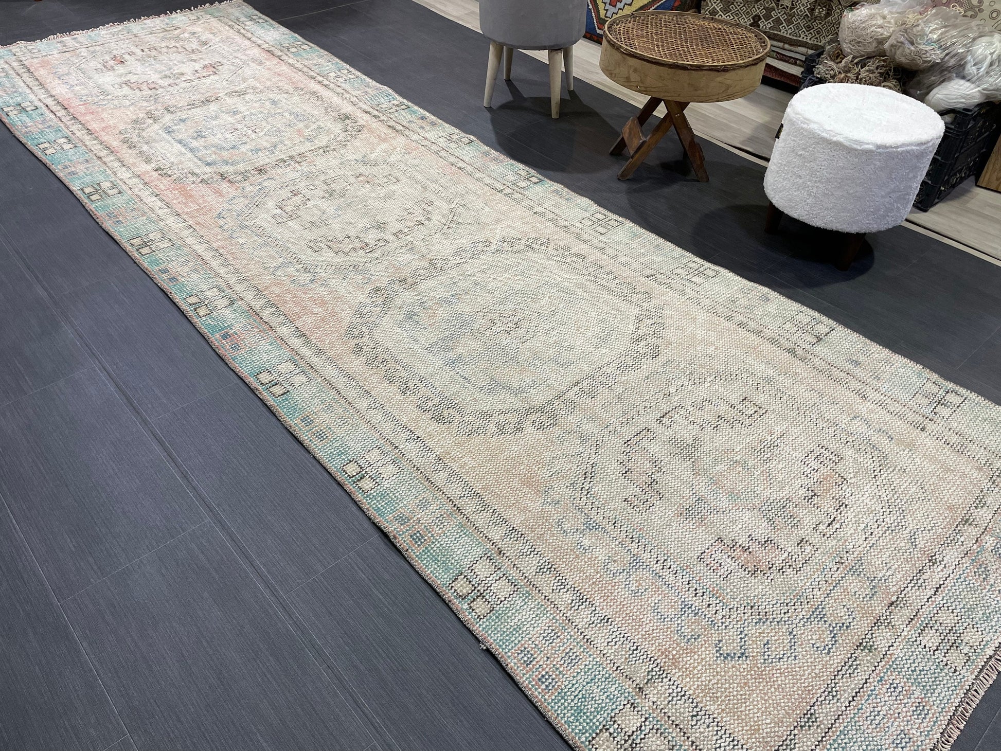 Antique Oushak Runner Rug, Muted Vintage 3.10 x 11.3 Runner Rug, Hallway Runner Rug, Distressed Runner Rug, Wool Runner Rug, Handmade Runner
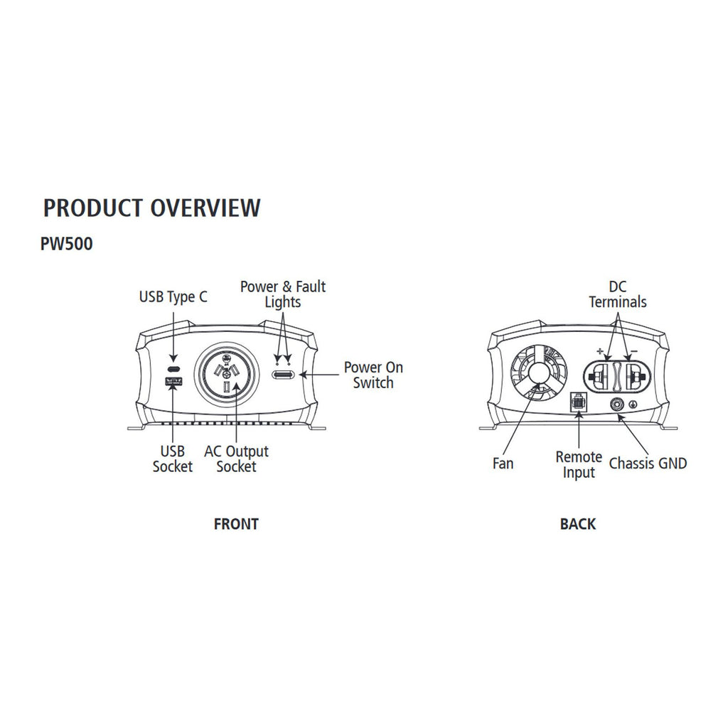 The Projecta PW500 has targeted to heavy draw appliances such as 240 volt TV's, Laptops, Gaming consoles, bar fridge, charging tool batteries and more.
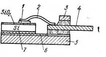 Наиболее широко распространенной схемой монтажа является соединение контакных площадок полупроводникового прибора, полученного по планарной технологии, с внешними выводами корпуса с помощью гибких проводников (рис.1). Один конец круглого проводника из алюминия или золота диаметром 10 -300 мкм должен быть приварен к тонкой металлической пленке тоже из алюминия или золота, напыленных на окисленный кремний. Другой конец – к золоченному или алюминированному ковару или к золоченной толстой пленке на керамическом основании корпуса. В некоторых случаях, когда полупроводниковые приборы выполняются без металлизации (например, мощные транзисторы), гибкие проводники необходимо присоединять непосредственно к поверхности кремния.
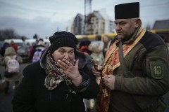 People streamed out of Kyiv’s suburbs a day earlier, many headed for the city center, as explosions were heard in the capital and air raid sirens sounded repeatedly. From there, the evacuees planned to board trains bound for western Ukrainian regions not under attack.
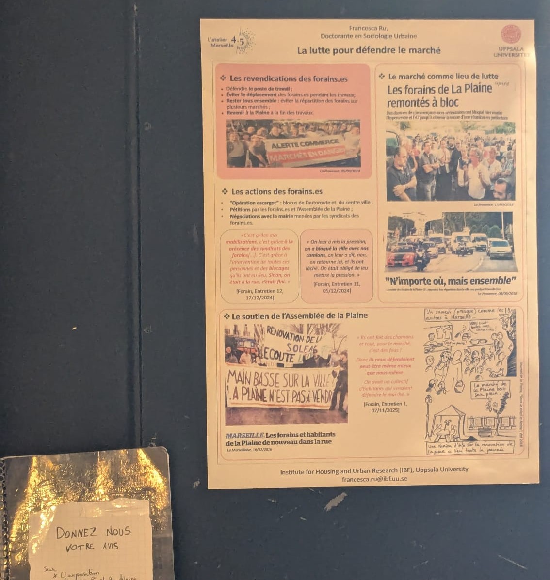 Francesca Ru, doctorante en sociologie à l’Université d’Uppsala (Suède), présente les résultats d’une recherche exploratoire sur les effets de la rénovation de la Place Jean Jaurès, sur l’activité foraine du marché de la Plaine. Ses travaux sont exposés du 14 septembre 2025 au19 octobre au Bar de la Plaine, 57 Place Jean Jaurès.
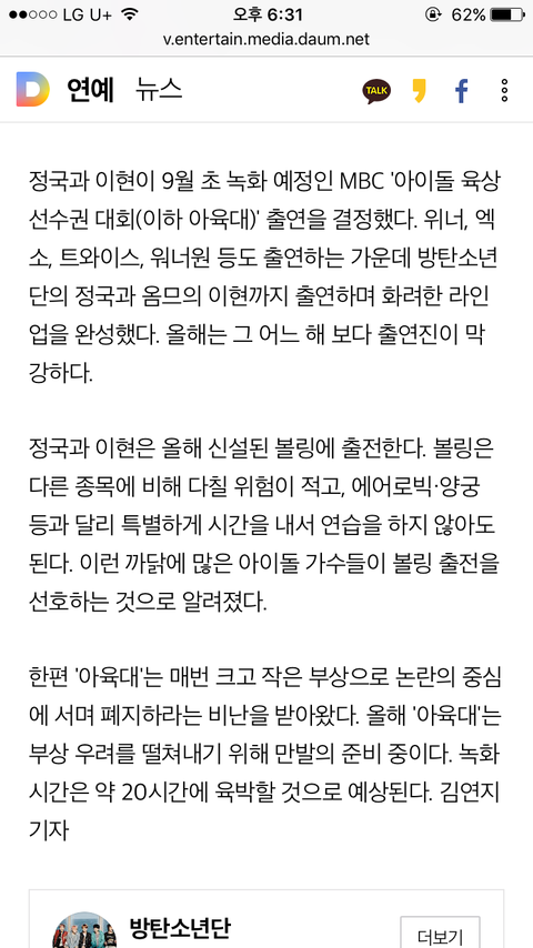 ++++근데 애들 다나가는데 정국이가 볼링 나가는건지 아님 정국이만 혼자 볼링하러가는지 모르겠음 제목에 오해의 소지가...
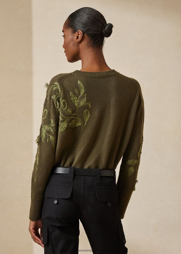 díszített kasmír nyakú pulóver 2680489290 nők Ralph Lauren ikon olajbogyó
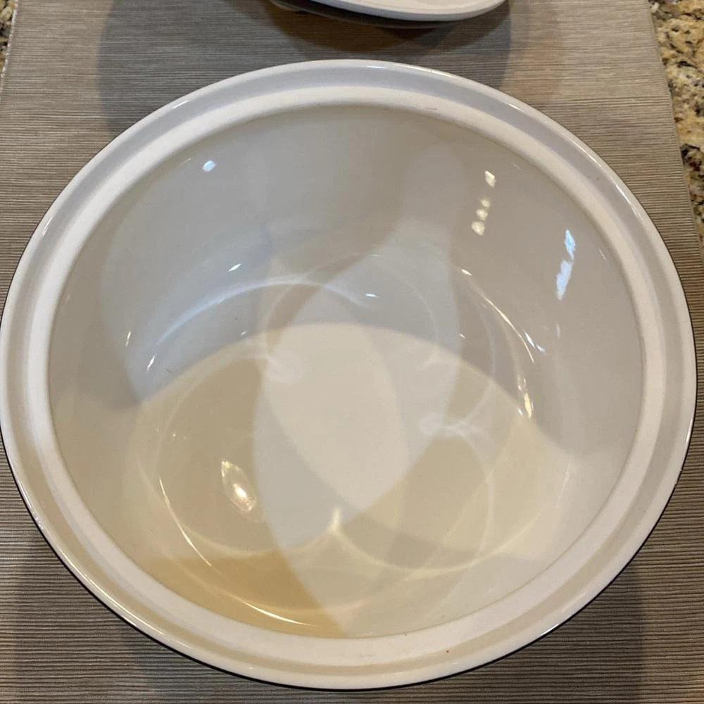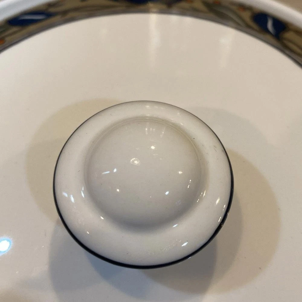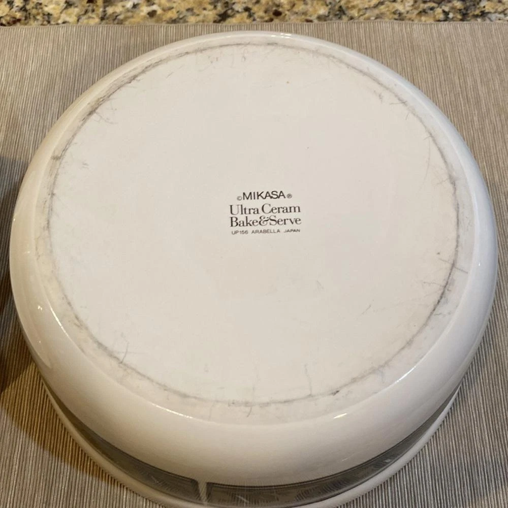 Excellent condition.5” height x 10” diameter. Elevate your dining experience with the Mikasa Arabella Ultra Ceram Bake & Serve Casserole dish, complete with a matching lid. This vintage-patterned piece combines timeless elegance with practicality, perfect for both special occasions and everyday use. Crafted from high-quality ceramic, it promises durability and a touch of class to your table. The dish boasts a serene blue hue that complements a wide range of decor styles, making it a versatile addition to your kitchen collection. Whether you're hosting a dinner party or enjoying a quiet meal at home, this casserole dish will serve your culinary creations with sophistication and charm.
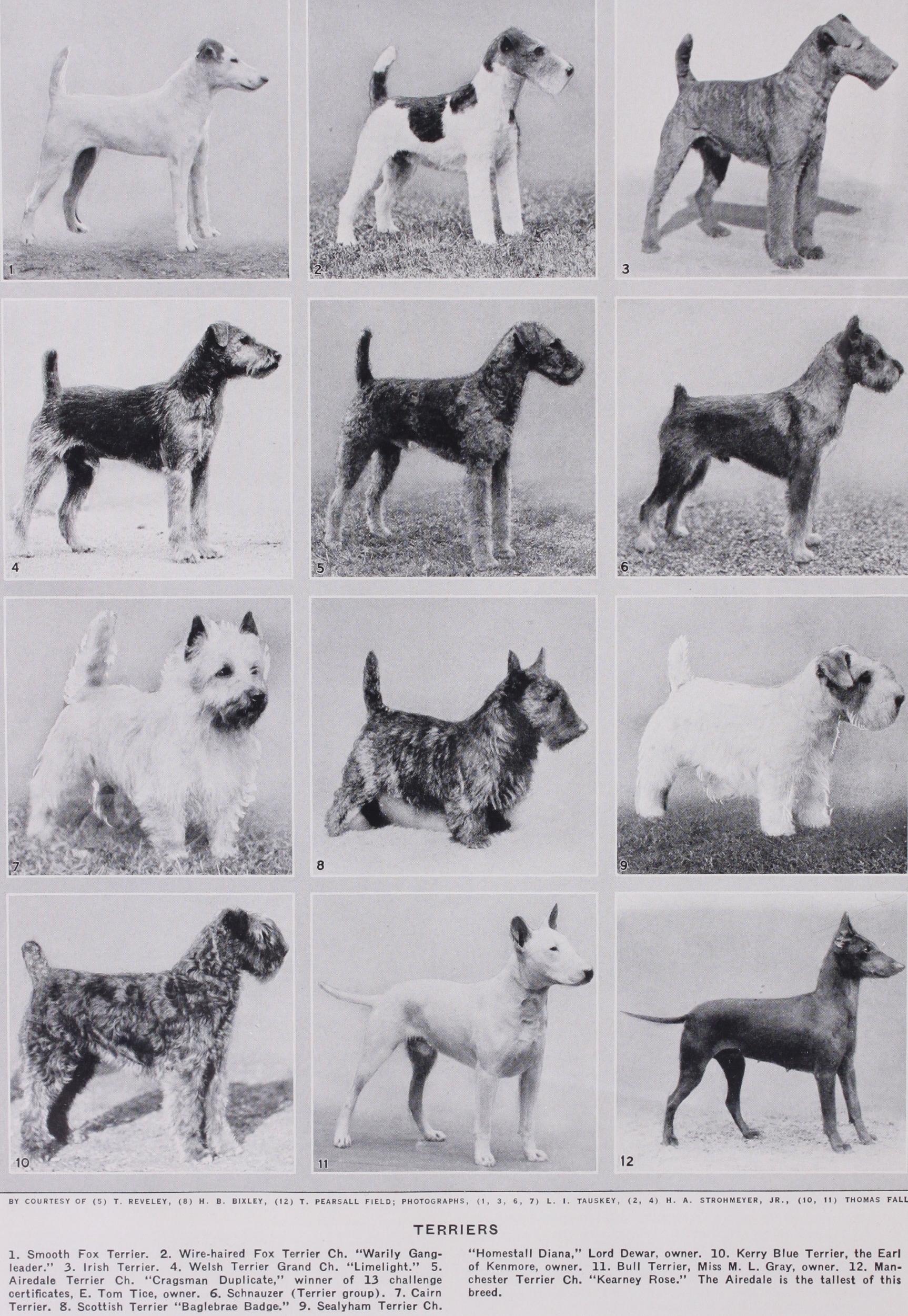 The Terrier Group has a number of breeds differing so profoundly from each other that the extreme types have hardly a character in common. It is linked with the mastiff group through the bull-terrier which was originally produced by crossing the bulldog with the white English terrier. Other strains, like grey hound, pointer and Dalmatian, were also, it is said, added to give size and eliminate the defective bulldog physiognomy. The result at all events has been a hardy dog of exceptional courage and strength. The Boston Terrier had a similar origin, but the head in this breed has retained many of the bulldog character istics. With the hound group the terriers are connected through the Airedale, which resulted from a cross between the otter hound and a local terrier of the Aire valley. This is the largest of the terriers, but apart from size the original breed did not differ greatly from rough-coated Welsh or Irish terriers. Another rough-coated terrier of tolerably large size is the Bedlington breed with a flattish head and long ears, originally owned by the gypsies and tinkers of Northumberland who used it for otter hunting and killing vermin.
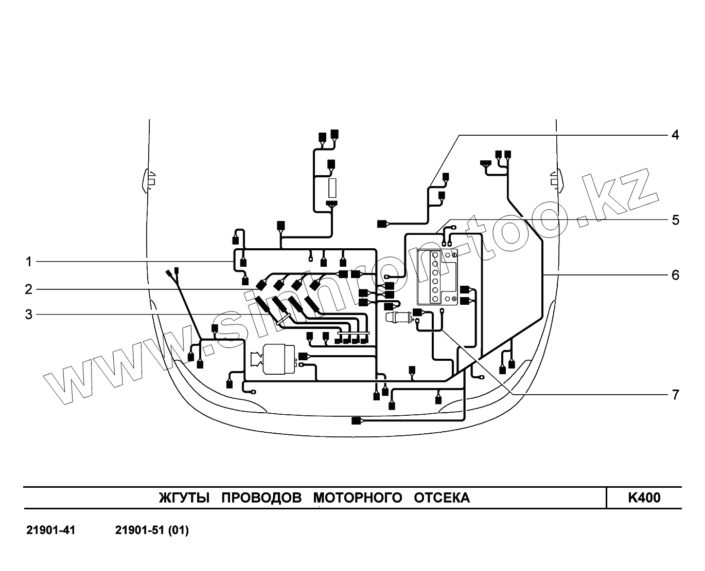 K401. Жгуты проводов моторного отсека
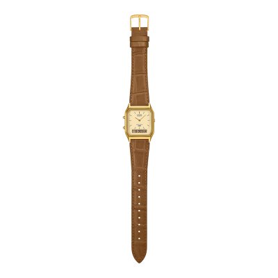 This Casio watch has a case made of Resin with a diameter of 29.8 mm and is fitted with a leather band. Inside the case lies a Casio movement and the watch features a Acrylic crystal.
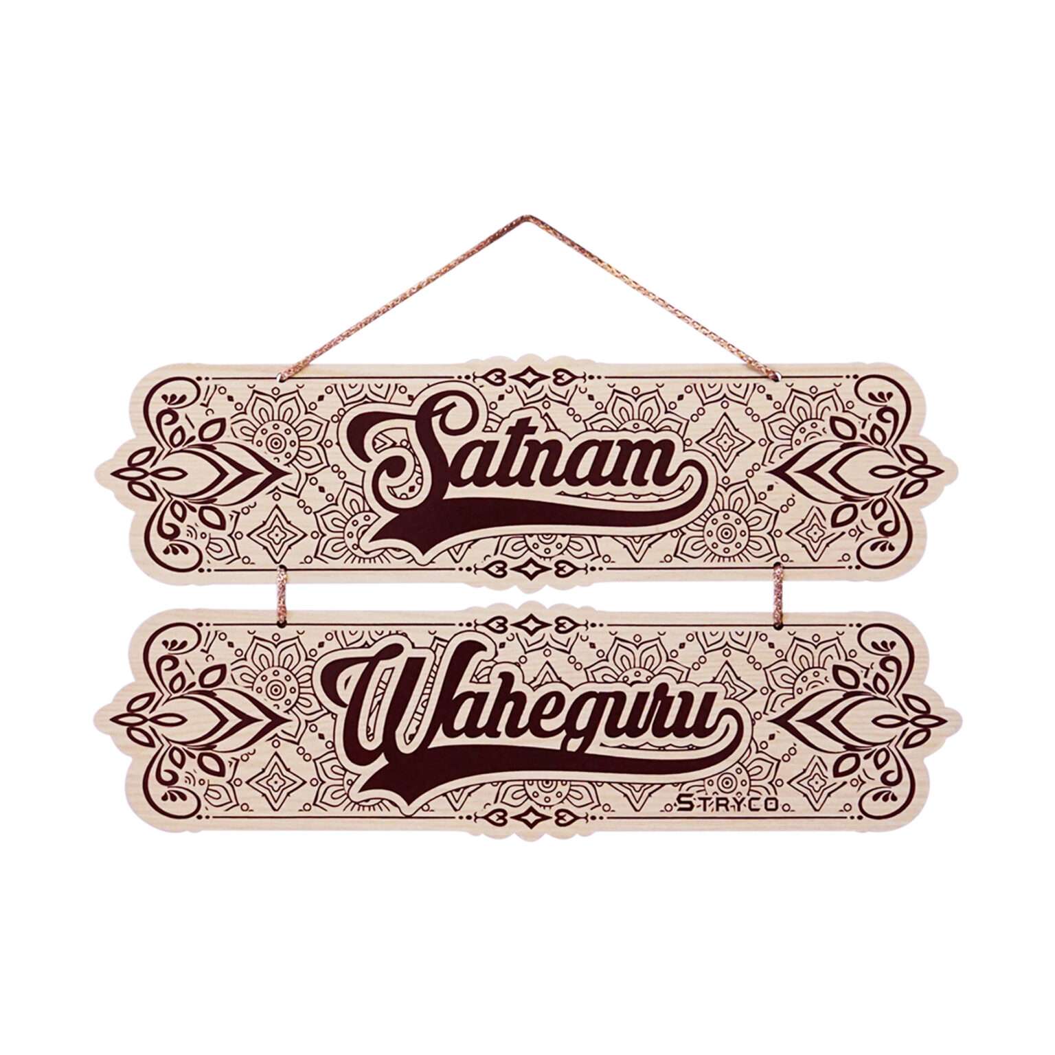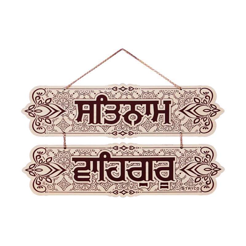 Satnam Waheguru Designer Wall Hanging | Wooden Wall Art Decor Item | Sikh Gurbani Decoration Product | 15inches Wide

────

AIM OF THE TASK:
Would you restate, word for word, the lines from the one holding "K401. Жгуты проводов моторного отсека" through the end of the material above? Omit the pictures.

TASK RESULT:
 K401. Жгуты проводов моторного отсека
 This Casio watch has a case made of Resin with a diameter of 29.8 mm and is fitted with a leather band. Inside the case lies a Casio movement and the watch features a Acrylic crystal.
 Satnam Waheguru Designer Wall Hanging | Wooden Wall Art Decor Item | Sikh Gurbani Decoration Product | 15inches Wide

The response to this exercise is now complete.